The menu covers lots of bases with a larger than average number of small-plate, tempura, noodle, and donburi offerings, but I ordered sushi. I ordered inari and one each among spicy tuna, unagi and avocado, and yam tempura maki. They arrived about 10 minutes later and after some encouraging “cooking” sounds and aromas- I was hoping for freshly deep-fried yam and warm grilled unagi.
The sushi was pretty good. Inari (I ordered two at $1.30 each) were smaller than the ones you see at supermarkets but that’s because they weren’t stuffed with lots of rice, which I appreciated actually. The rolls were all nicely formed- a little too nicely, as they were rolled so tightly that the rice was a bit “cemented” for my liking; not glued together but dense, which makes the “melt in your mouth” experience pretty impossible- and, size-wise, they’re more in the smaller “traditional” form factor than LA style monsters you find at Towa and, to a lesser extent, Globefish. They’re not expensive, about $5 each.

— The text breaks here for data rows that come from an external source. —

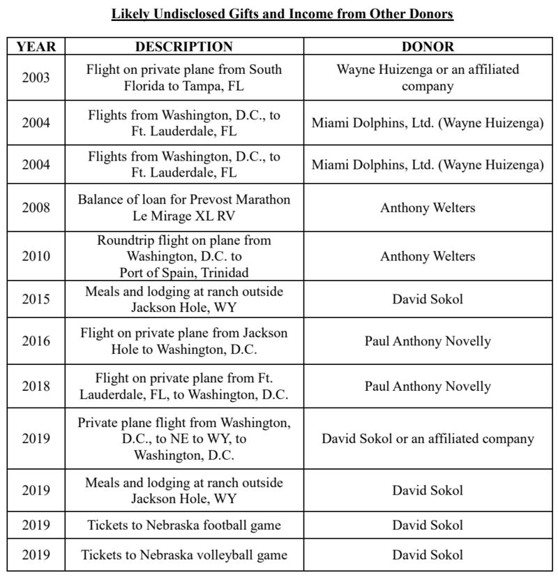 According to the senators, Thomas’ conduct could violate the Ethics in Government Act, which requires officials like Supreme Court justices to file annual reports disclosing gifts and income accepted from outside sources.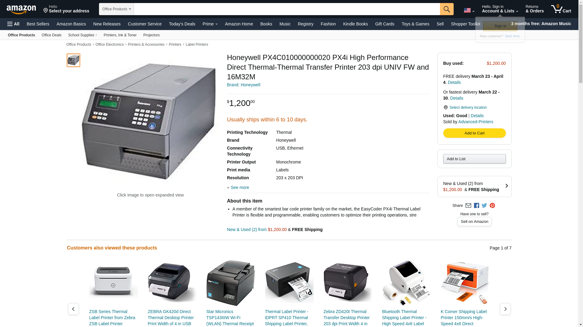 Honeywell PX4C010000000020 PX4i High Performance Direct Thermal-Thermal Transfer Printer 203 dpi UNIV FW and 16M32M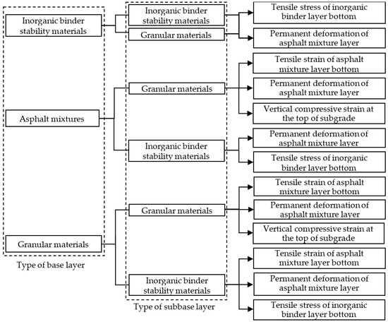 The current pavement design code classifies pavement structures into six types based on their base and base materials (asphalt mixture, inorganic binder stability materials, and granular materials) [21]. The design index system is depicted in Figure 2.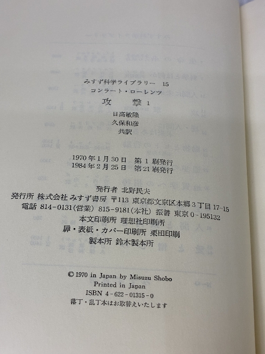 攻撃 1: 悪の自然誌 (みすず科学ライブラリー 15) みすず書房 コンラート ローレンツ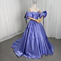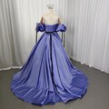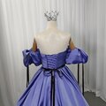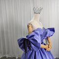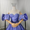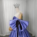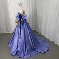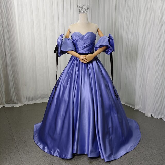 カラードレス パープル ベアトップ 取り外し袖 リボン 光沢サテン 編み上げ ミニトレーン 謝恩会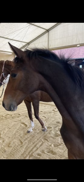 Na sprzedaż dostępny jest potężny ogier młodzieńczy o przewidywanej końcowej wysokości 175–180 cm. Prezentuje się z solidnym, mocnym fundamentem, prawidłowymi, rytmicznymi ruchami oraz dużym wyrazem. Szczególnie wyróżnia się jego klarowny, przestronny galop, który czyni go interesującym nie tylko dla wyższego poziomu jeździectwa sportowego, ale także dla najwyższej klasy skoków przez głowę. Jego zrównoważony i spokojny temperament sprawia, że jest również łatwym do prowadzenia młodym koniem w codziennej pracy. Rodowód: Macchiato x Belissimo M – obiecująca linia krwi z sprawdzoną jakością dla sportu i hodowli.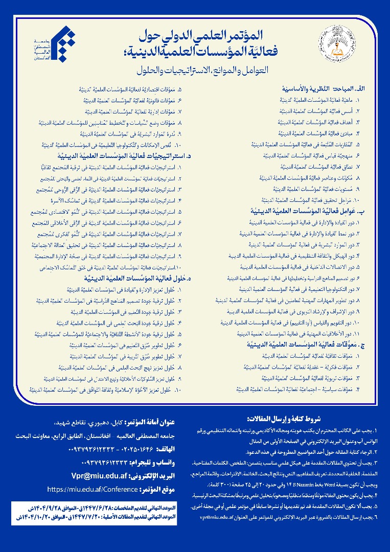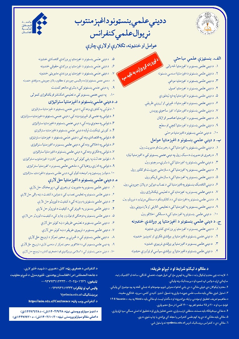 5. ارسال مقالات لزوماً از طریق پست الکترونیک همایش به آدرس vpr@miu.edu.af صورت گیرد.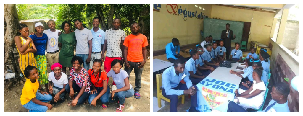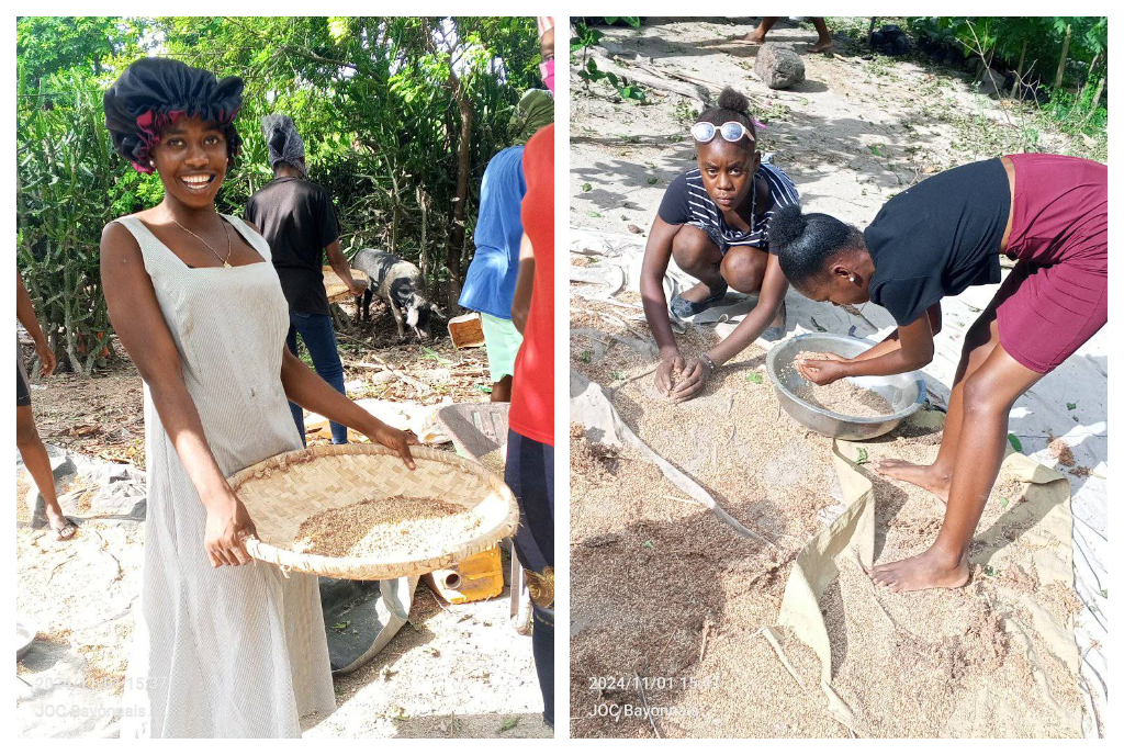 Ante esta situación, el grupo base de la JOC Bayonnais decidió cultivar maíz y guandul, un cultivo esencial y muy adecuado para las condiciones climáticas de la región. El maíz es muy consumido por las familias locales en diversas formas (papilla, galletas, tostado, etc.) y se puede vender fácilmente en el mercado local. No requiere técnicas agrícolas complejas, lo que permite a los jóvenes iniciarse rápidamente en su cultivo. La idea surgió a partir de un debate sobre la necesidad de producir localmente lo que se consume, al tiempo que se refuerza la solidaridad y la responsabilidad de los miembros del grupo. Un miembro voluntario cedió un terreno y los jóvenes decidieron juntos organizar un huerto colectivo de maíz, símbolo de acción concreta y de toma de las riendas de su futuro.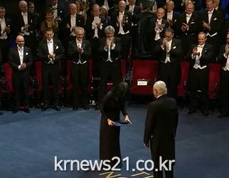 ▲ 사진=KBS NEWS 영상 캡처한강 작가는 평소 즐겨 입는 검은 색상의 차분한 디자인의 드레스를 입고 스웨덴 국왕 앞에 섰다.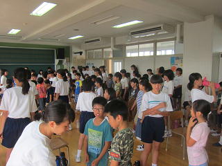 幡羅中学校へ行き、常盤小学校の4年生と一緒に合唱部の練習を見せていただきました。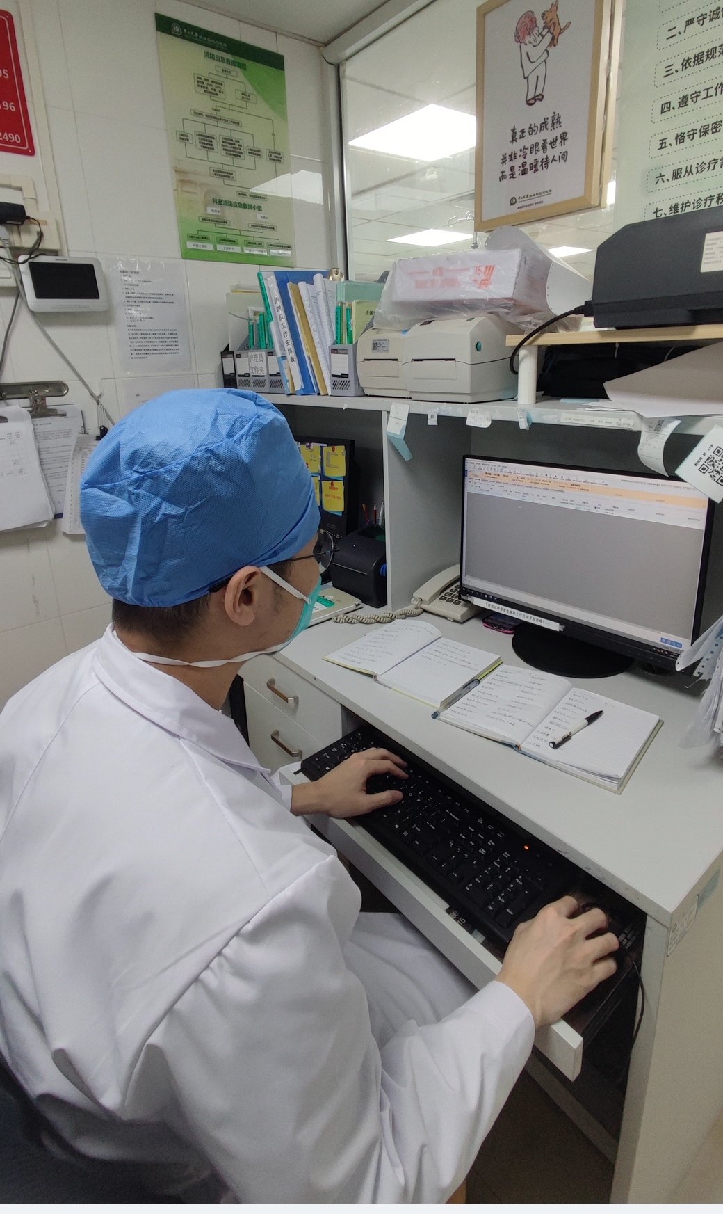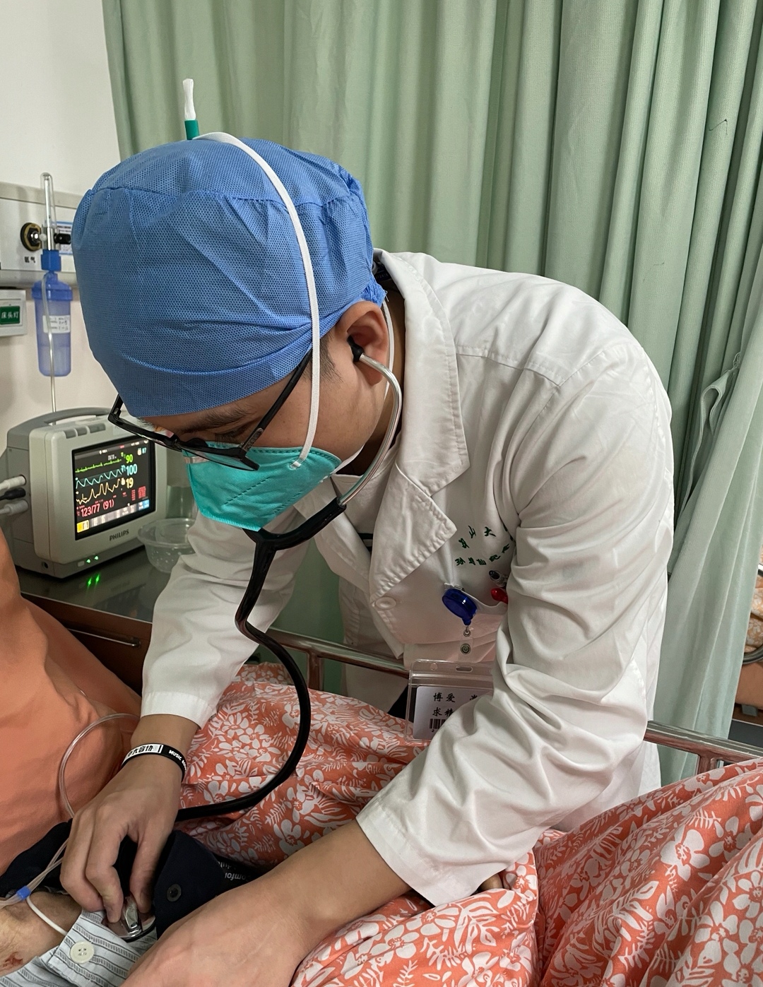 一名90岁的老人新冠感染合并慢性阻塞性肺疾病,入院时血氧饱和度还不足80,因明显气促无法平躺。正在呼吸科轮科的临床医学(消化系病方向)研究生郭泰然(见下图)在上级医生的指导下,承担起管床的责任,直至老人平安出院。“出院时老人一直对我说谢谢,让我很感动。”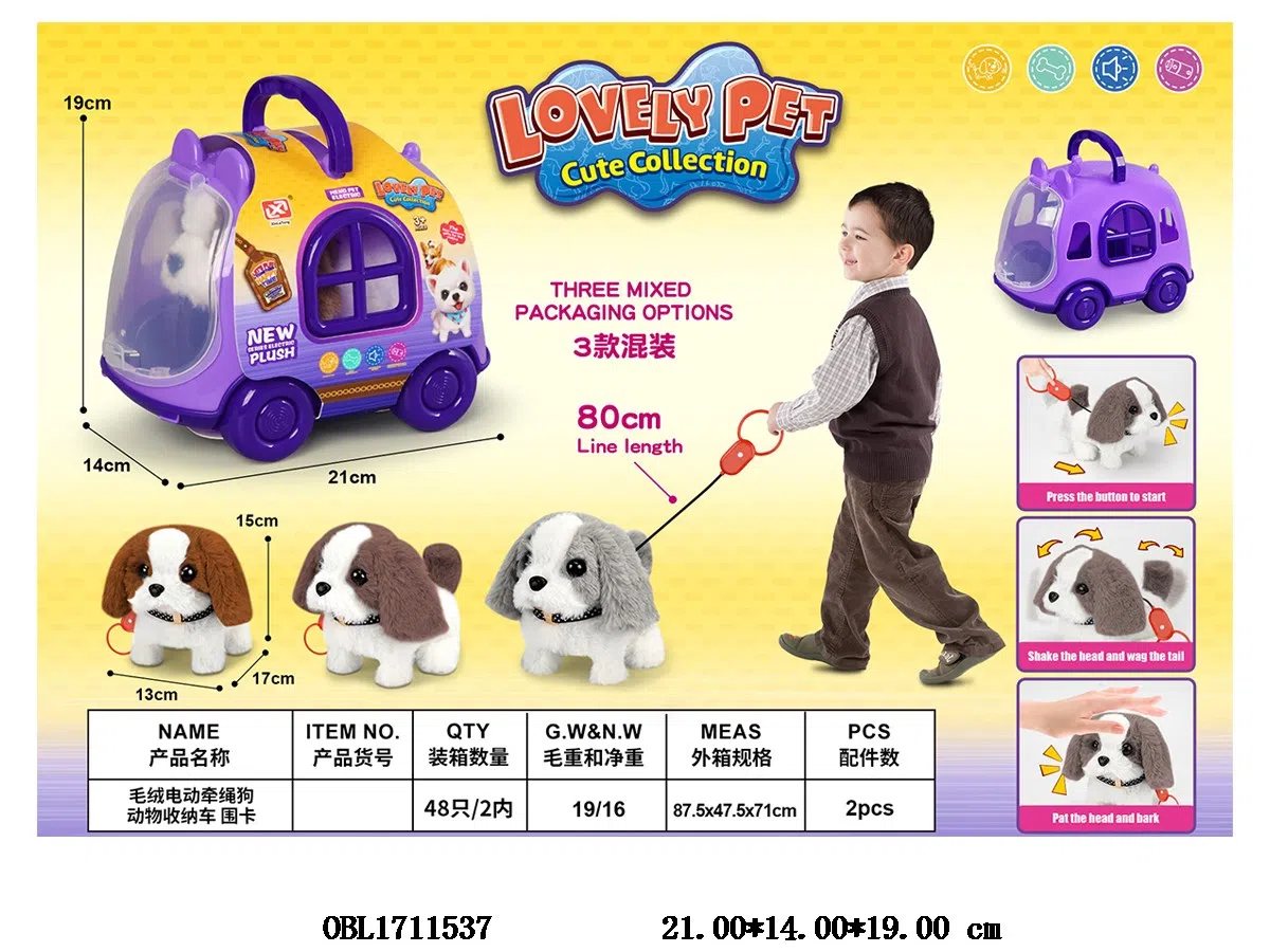 毛绒电动狗带声音配收纳笼子车 可牵绳 2*AA不包电 3色混装 围卡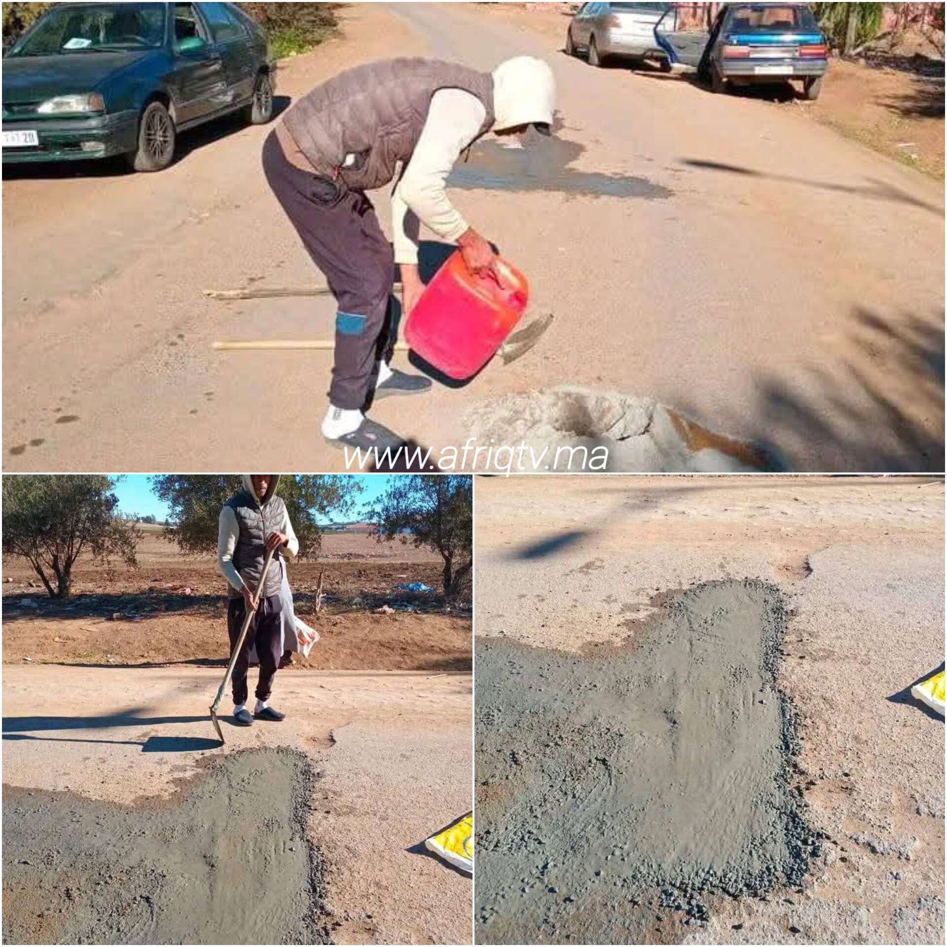 شباب الخميسات يتطوعون لإصلاح المسالك الطرقية و المسؤولين في سبات عميق

I can’t disparage a thing with respect to taste or freshness. The yam tempura was very good, with the same sort of fried yam “chips” that you can enjoy at Uptown Sushi. Spicy tuna were dolloped with a lovely SPICY sauce that my server said was “homemade,” and it had not a drop of mayo. I’m a little unhappy with their inclusion of sprouts in that roll, but it’s not like at Kyoto 17, where the roll is half sprout; the tuna was the star and it was quite good, fresh tasting and as I say the sauce was great. The only miss for me was the unagi roll, and this is just because I always prefer unagi as nigiri or in a donburi. I don’t care for tiny little pieces of it, but I wasn’t sure how small the maki would be.
The bill for 3 decent sized, well-prepared rolls and two inari sushi pieces (just water to drink) was a few cents north of $20, which is not too bad. Not the best deal in town, but I am cautiously optimistic and give this place a tentative thumbs up. Service was excellent, the sushi was more than passable, and for me it could hardly be more convenient as it’s barely two blocks from my house.